Lightning-AI / lightning-thunder

Make PyTorch models up to 40% faster! Thunder is a source to source compiler for PyTorch. It enables using different hardware executors at once; across one or thousands of GPUs.
Apache License 2.0
1.2k stars 80 forks source link

math.xxx calls in function on NumberProxy is not being traced. #526

Open jjsjann123 opened 5 months ago

jjsjann123 commented 5 months ago

🐛 Bug

As per title suggests, with symbolic values cache, NumberProxy operation via math.xxx calls are not traced.

To Reproduce

import torch
import thunder
import math

def foo(a, b):
    return math.fmod(a, b)

a = 1.2
b = 2.0

jfoo = thunder.jit(foo, cache="symbolic values")
out = jfoo(a, b)

print("\n\tcompute last trace:\n", thunder.last_traces(jfoo)[-1])

Looking at the trace below, we do not have prims.fmod in trace but it just baked in the result and this is wrong.

        compute last trace:
 # Constructed by Delete Last Used (took 0 milliseconds)
import torch
from thunder.executors.torchex import no_autocast

@torch.no_grad()
@no_autocast
def computation():
  return 1.2
jjsjann123 commented 3 months ago

Seems to found another issue with basic indexing.
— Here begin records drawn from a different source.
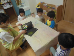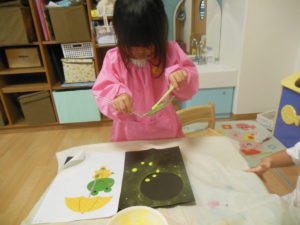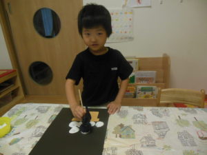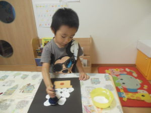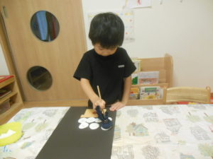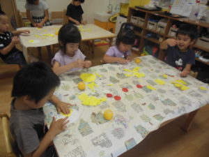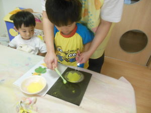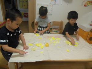 ピアノ組さんは、小さくちぎった折り紙をのり付けして貼ったり、タンポでスタンプをしたりして、製作をしました。
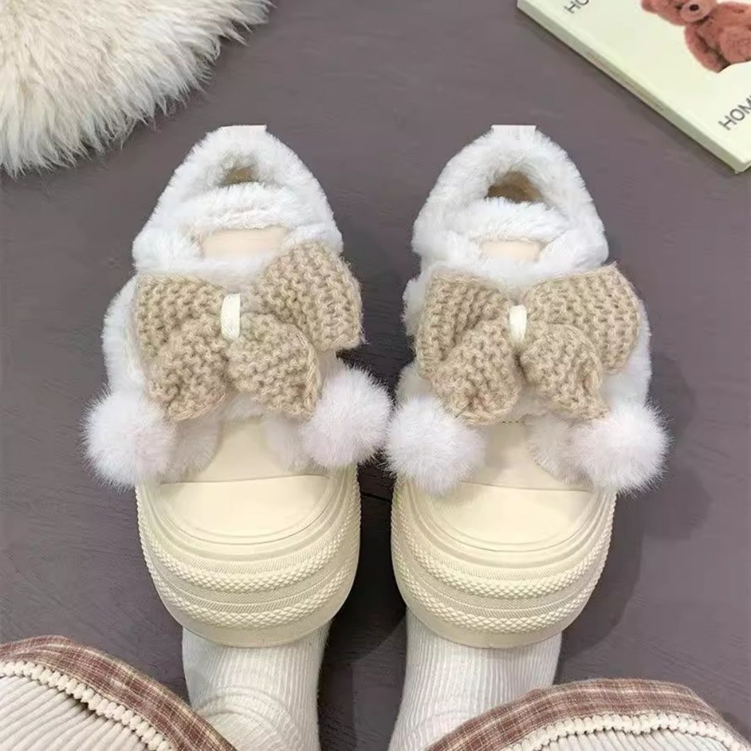 高颜值女款2025冬季厚底保暖蝴蝶结雪地新款棉鞋加绒可爱勃肯靴女
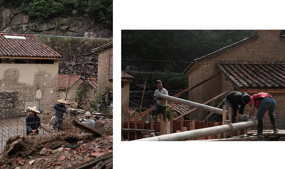 有了好的业主,好的设计,还需要有好的施工队将其呈现,在此我们必须隆重提及踏雪的施工团队 — 晖哥及其小伙伴们。晖哥,台州临海草宿的民宿主,在自己I期、II期及III期的古村老屋改造中积累了丰富的经验,结合自身多年民宿运营经验,以及对审美、工艺的不懈追求,第一次带着自己的施工团队走出草宿,在踏雪九里毫无保留地分享。每一处细节,每一道工艺,在尽可能追求完美的方向上不断打磨,最终呈现出令业主方、设计方和自己都颇为满意的作品,相互成就。(关于晖哥和草宿)
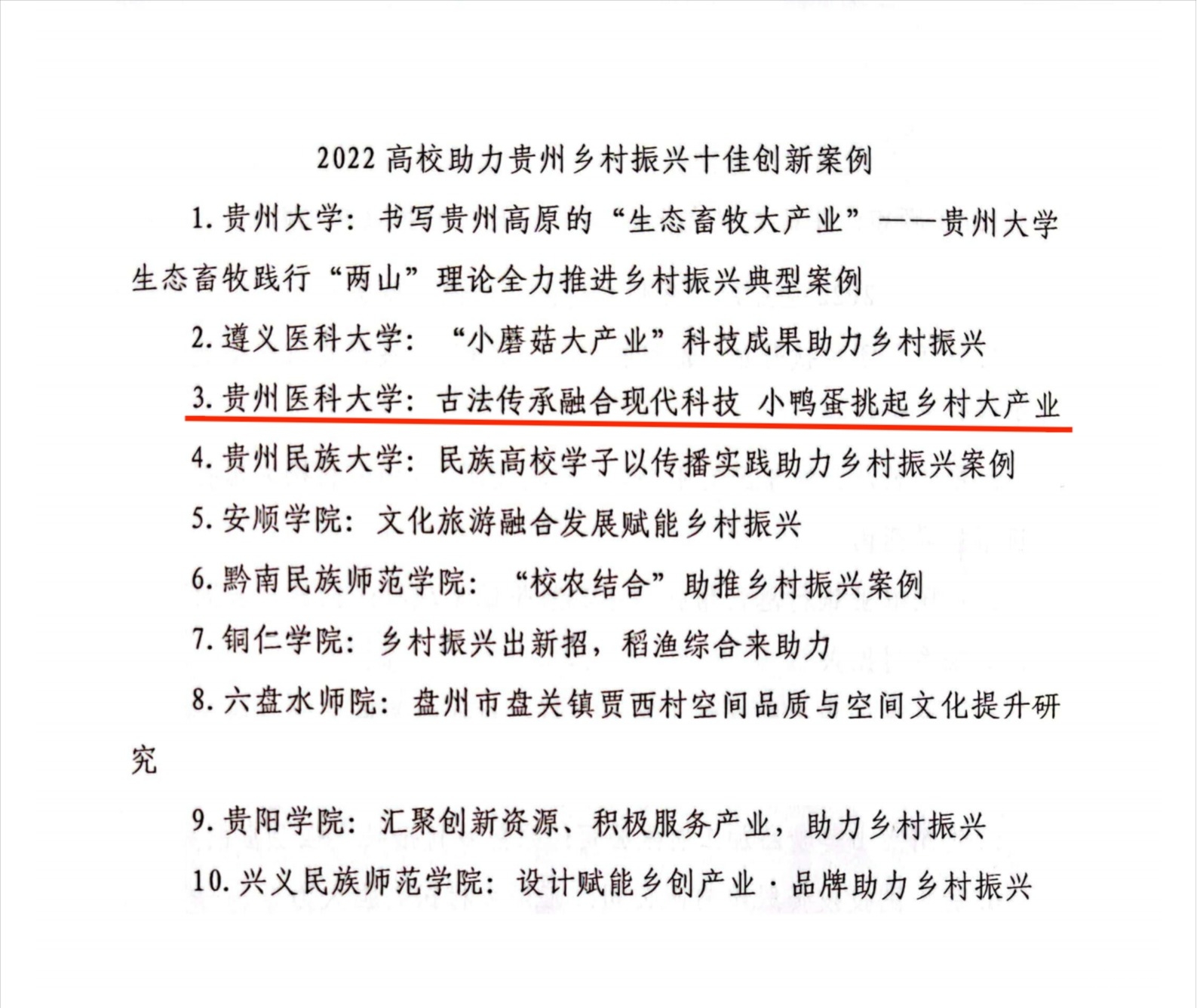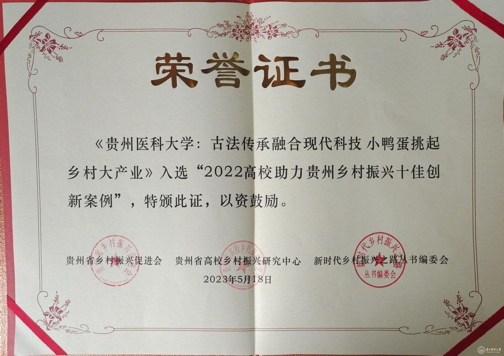 近日,贵州省高校乡村振兴2023年高端学术论坛在安顺学院召开,beat365助力乡村振兴案例《beat365正版唯一官网必一:古法传承融合现代科技 小鸭蛋挑起乡村大产业》入选“2022高校助力乡村振兴十佳创新案例”,并获表彰。
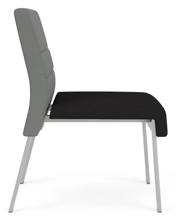 • Heavy duty steel armless guest chair with upholstered seat and back with generous cleanout space between them

    def foo(a, size0, size1):
        return a[:, :, size0:size1]

    size0 = 8
    size1 = 16
    a = torch.randn(2, 4, 30, device="cuda")

    a_ref = a.detach()
    outs_ref = foo(a_ref, size0, size1)

    jfoo = thunder.jit(foo, cache="symbolic values")
    outs = jfoo(a, size0, size1)

Even though the trace is using size0 and size1, it's not taking them as inputs from prologue to compute.

def computation(a):
  # a: "cuda:0 f32[2, 4, 30]"

  # /volume/thunder_jit_reshape.py:52:          return a[:, :, size0:size1]
  t18 = ltorch.getitem(a, (slice(None, None, None), slice(None, None, None), slice([IntegerProxy name=i0, value=8, static=CONSTRAINT.CONSTRAINABLE], [IntegerProxy name=i1, value=16, static=CONSTRAINT.CONSTRAINABLE], None)))  # t18: "cuda:0 f32[2, 4, 8]"
    # b2 = prims.lt(size0, 0)  # b2: "bool False"
    # b3 = prims.ge(size0, 0)  # b3: "bool True"
    # b4 = prims.lt(size1, 0)  # b4: "bool False"
    # b5 = prims.ge(size1, 0)  # b5: "bool True"
    # b6 = prims.gt(size0, size1)  # b6: "bool False"
    # b7 = prims.ge(size0, 30)  # b7: "bool False"
    # b8 = prims.ge(size1, 30)  # b8: "bool False"
    # b9 = prims.eq(size0, 0)  # b9: "bool False"
    # t18 = prims.slice_prim(a, [0, 0, size0], [2, 4, size1], [1, 1, 1])  # t18: "cuda:0 f32[2, 4, 8]"
  return t18